== Action item ==
Start at the line in the entries below that contains "This note has", stop at the line that contains "理想汽車1月3日在港交所公告", and output exactly the lines in that span, both ends included.
*** Records
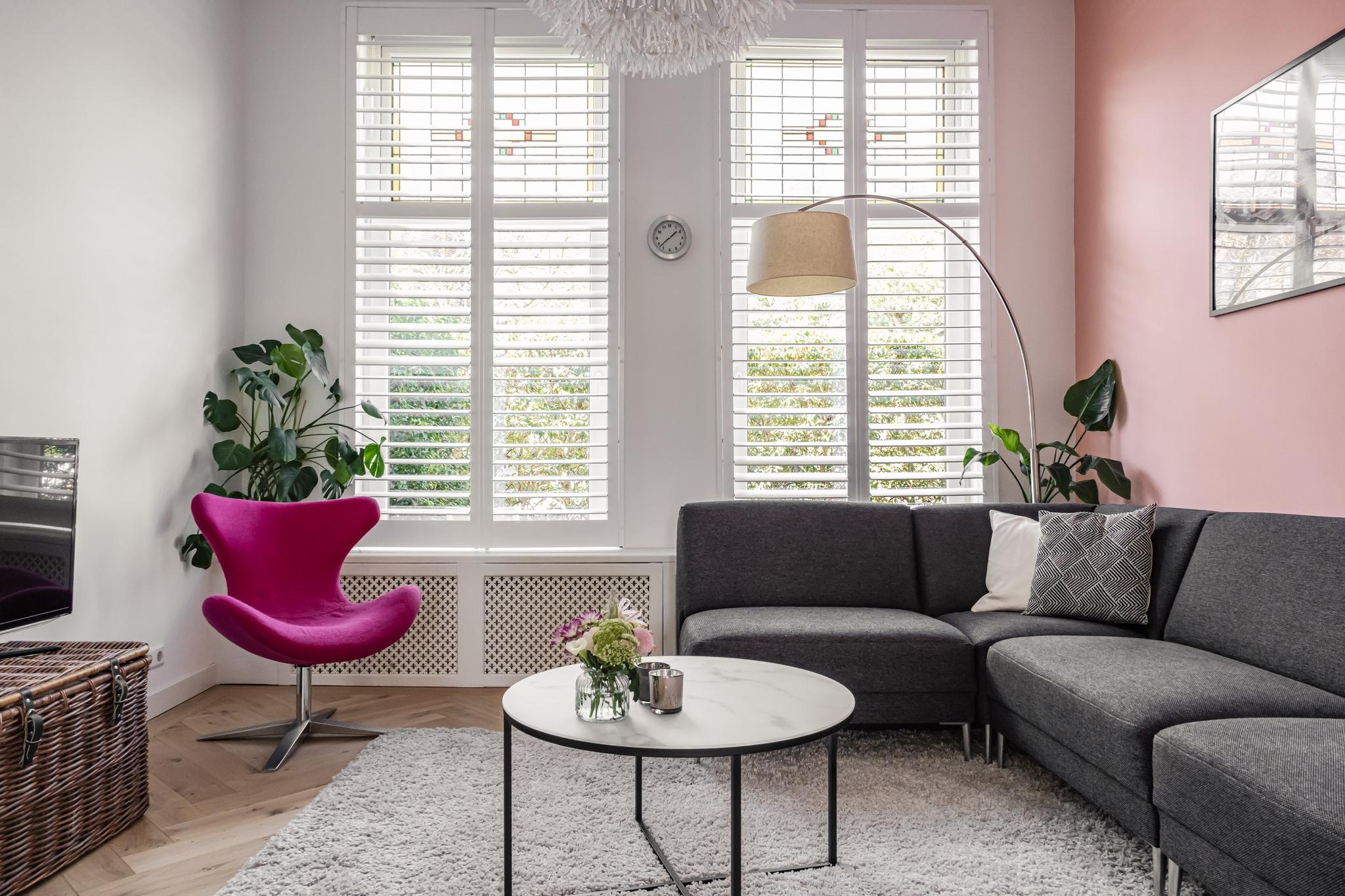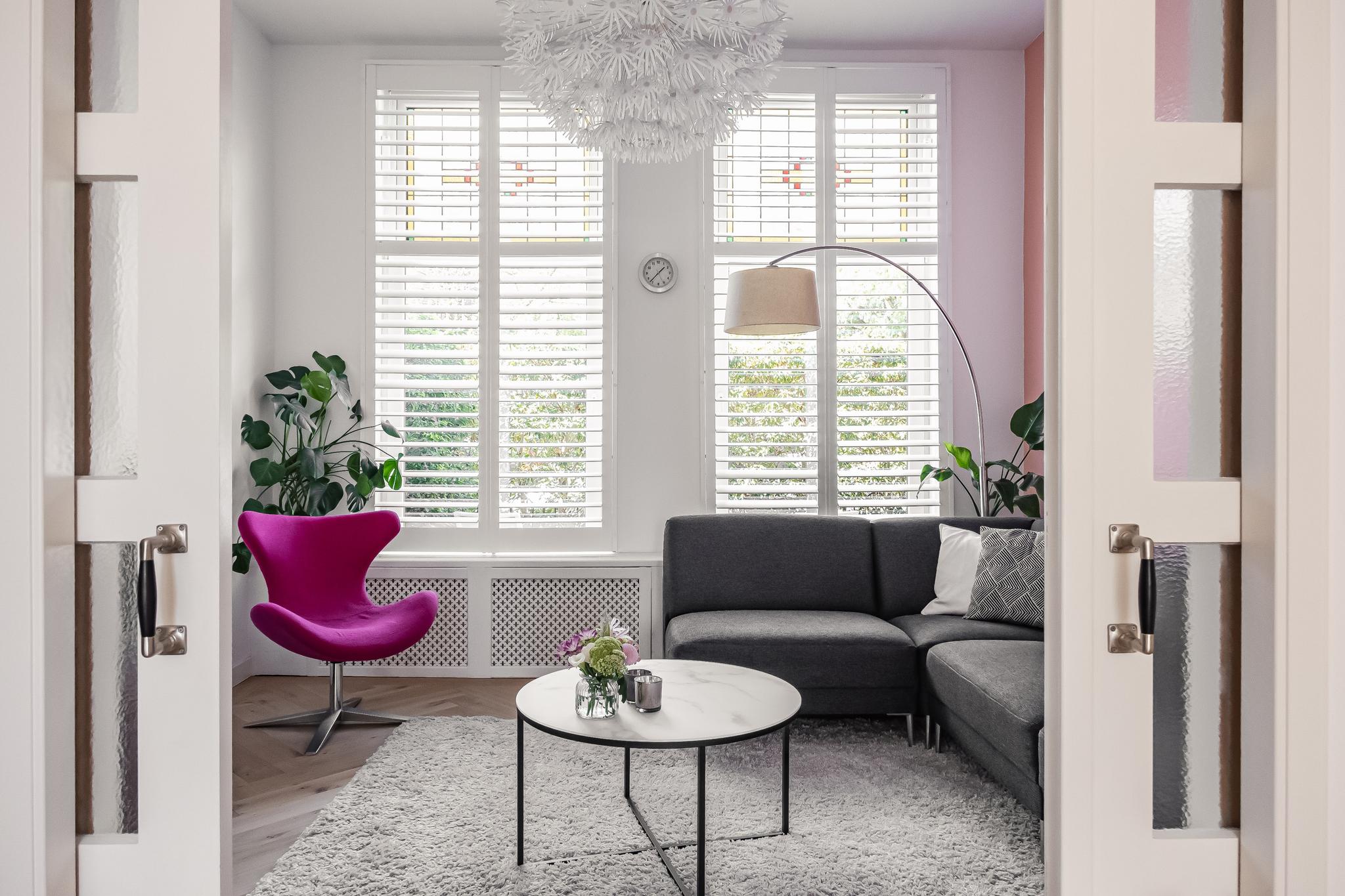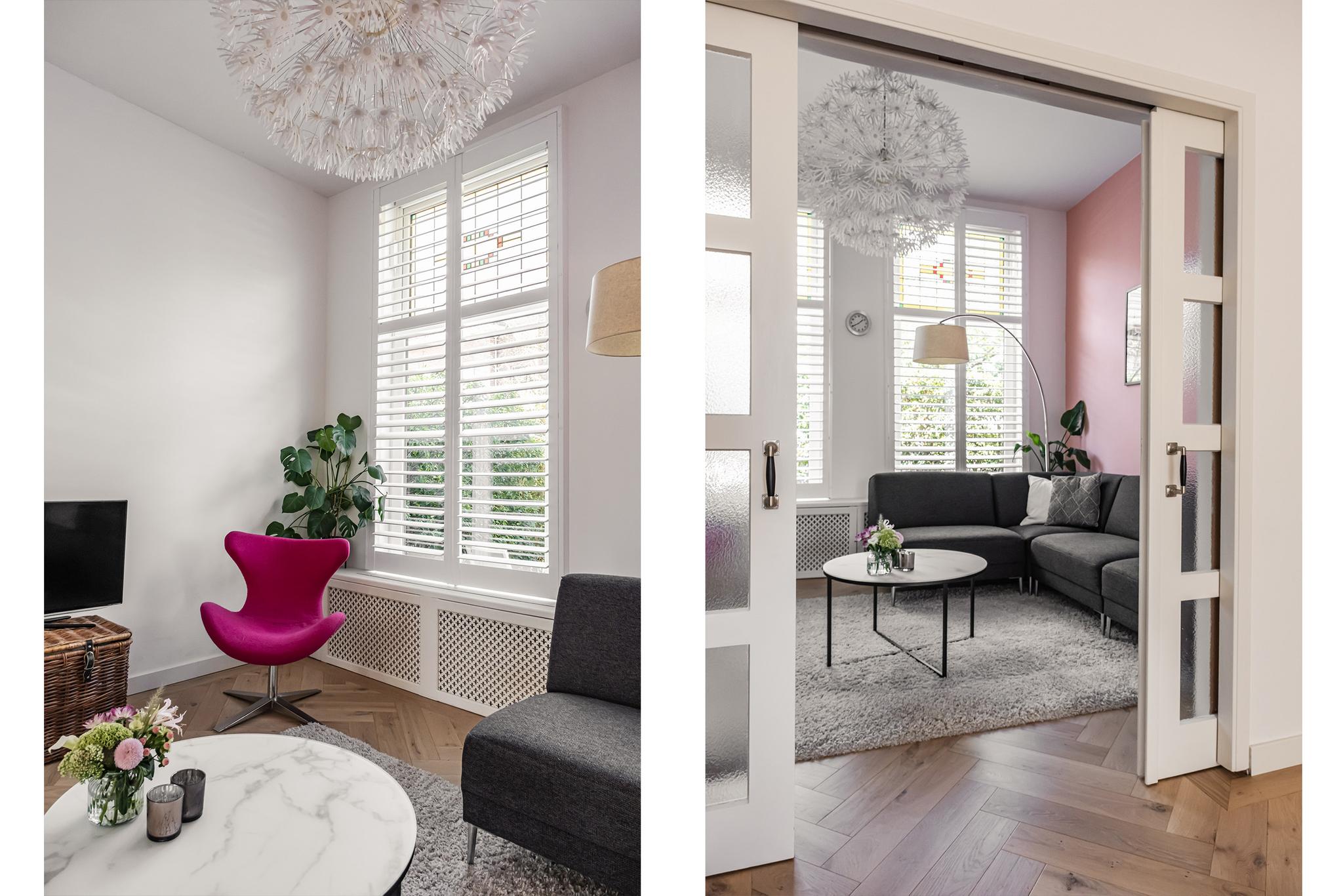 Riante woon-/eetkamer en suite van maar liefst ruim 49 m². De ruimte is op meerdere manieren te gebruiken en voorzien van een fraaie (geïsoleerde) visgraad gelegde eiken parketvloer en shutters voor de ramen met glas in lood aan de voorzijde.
******
*** Records
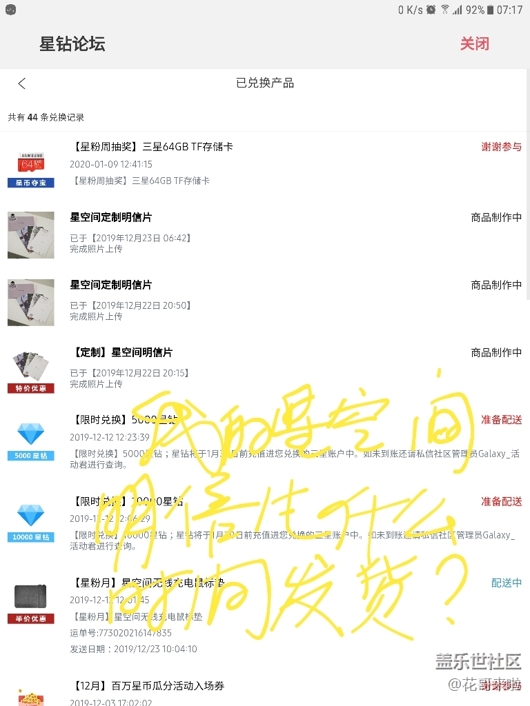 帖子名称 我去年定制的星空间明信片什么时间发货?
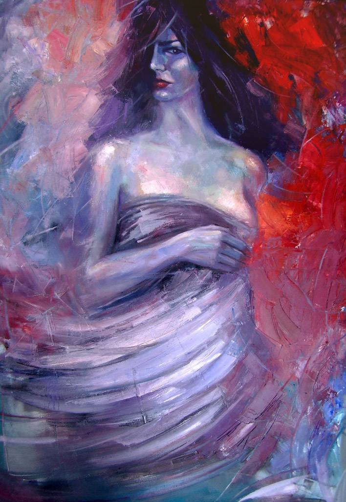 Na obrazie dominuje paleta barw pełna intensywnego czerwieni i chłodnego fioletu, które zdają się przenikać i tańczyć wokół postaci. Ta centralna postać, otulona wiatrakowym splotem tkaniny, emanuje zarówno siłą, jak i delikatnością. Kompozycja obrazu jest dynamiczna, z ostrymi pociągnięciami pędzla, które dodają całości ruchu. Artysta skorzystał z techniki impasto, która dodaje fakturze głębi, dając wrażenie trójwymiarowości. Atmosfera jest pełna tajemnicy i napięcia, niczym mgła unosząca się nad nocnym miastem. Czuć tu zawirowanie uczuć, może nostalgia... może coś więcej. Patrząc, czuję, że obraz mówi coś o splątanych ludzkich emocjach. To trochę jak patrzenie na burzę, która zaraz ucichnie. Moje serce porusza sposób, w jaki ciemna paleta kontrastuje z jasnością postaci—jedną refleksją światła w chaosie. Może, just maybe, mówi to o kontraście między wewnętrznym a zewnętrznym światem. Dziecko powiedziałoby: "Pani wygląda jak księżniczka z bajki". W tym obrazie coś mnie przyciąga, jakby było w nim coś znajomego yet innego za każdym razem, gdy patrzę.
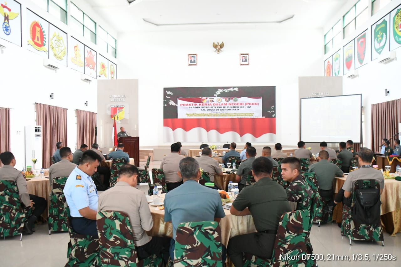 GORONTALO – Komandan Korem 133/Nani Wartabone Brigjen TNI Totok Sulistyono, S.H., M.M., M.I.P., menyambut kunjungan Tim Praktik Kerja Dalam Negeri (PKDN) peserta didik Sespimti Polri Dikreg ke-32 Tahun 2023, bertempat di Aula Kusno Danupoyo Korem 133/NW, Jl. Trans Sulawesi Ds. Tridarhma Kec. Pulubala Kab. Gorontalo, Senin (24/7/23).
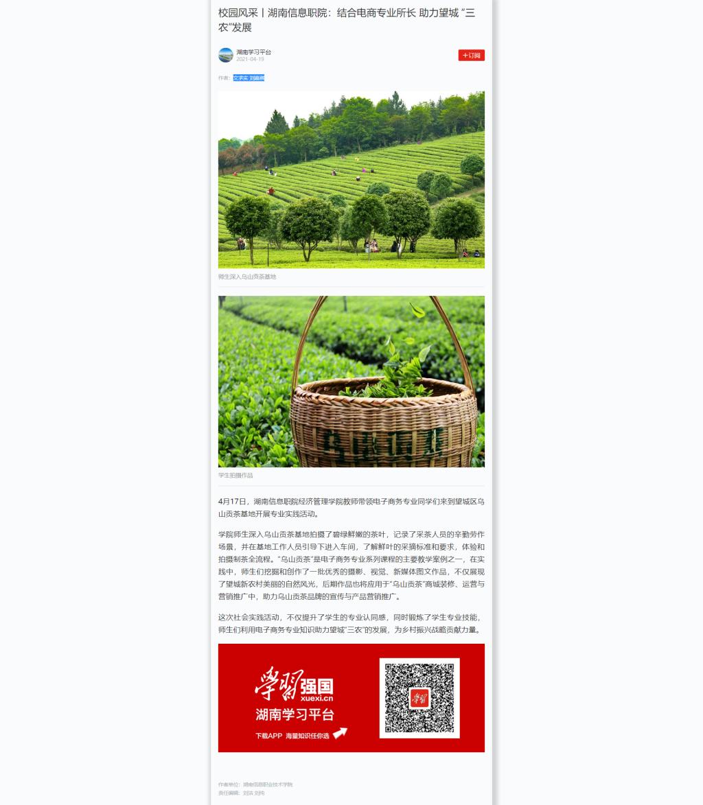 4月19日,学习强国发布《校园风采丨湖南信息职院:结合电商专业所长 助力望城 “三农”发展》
******
*** Records
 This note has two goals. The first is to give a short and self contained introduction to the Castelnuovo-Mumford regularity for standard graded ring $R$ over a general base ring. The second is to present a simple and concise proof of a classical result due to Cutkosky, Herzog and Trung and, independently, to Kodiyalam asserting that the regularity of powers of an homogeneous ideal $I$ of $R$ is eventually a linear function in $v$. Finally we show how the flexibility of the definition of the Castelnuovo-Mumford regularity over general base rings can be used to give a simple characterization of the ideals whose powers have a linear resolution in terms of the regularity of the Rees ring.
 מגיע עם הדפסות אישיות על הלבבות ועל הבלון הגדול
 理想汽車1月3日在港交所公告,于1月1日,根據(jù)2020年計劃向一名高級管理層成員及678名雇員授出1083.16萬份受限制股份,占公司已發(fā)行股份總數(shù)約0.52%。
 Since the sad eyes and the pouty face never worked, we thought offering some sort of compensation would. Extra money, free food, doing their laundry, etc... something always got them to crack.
******
== Exercise answer ==
 This note has two goals. The first is to give a short and self contained introduction to the Castelnuovo-Mumford regularity for standard graded ring $R$ over a general base ring. The second is to present a simple and concise proof of a classical result due to Cutkosky, Herzog and Trung and, independently, to Kodiyalam asserting that the regularity of powers of an homogeneous ideal $I$ of $R$ is eventually a linear function in $v$. Finally we show how the flexibility of the definition of the Castelnuovo-Mumford regularity over general base rings can be used to give a simple characterization of the ideals whose powers have a linear resolution in terms of the regularity of the Rees ring.
 מגיע עם הדפסות אישיות על הלבבות ועל הבלון הגדול
 理想汽車1月3日在港交所公告,于1月1日,根據(jù)2020年計劃向一名高級管理層成員及678名雇員授出1083.16萬份受限制股份,占公司已發(fā)行股份總數(shù)約0.52%。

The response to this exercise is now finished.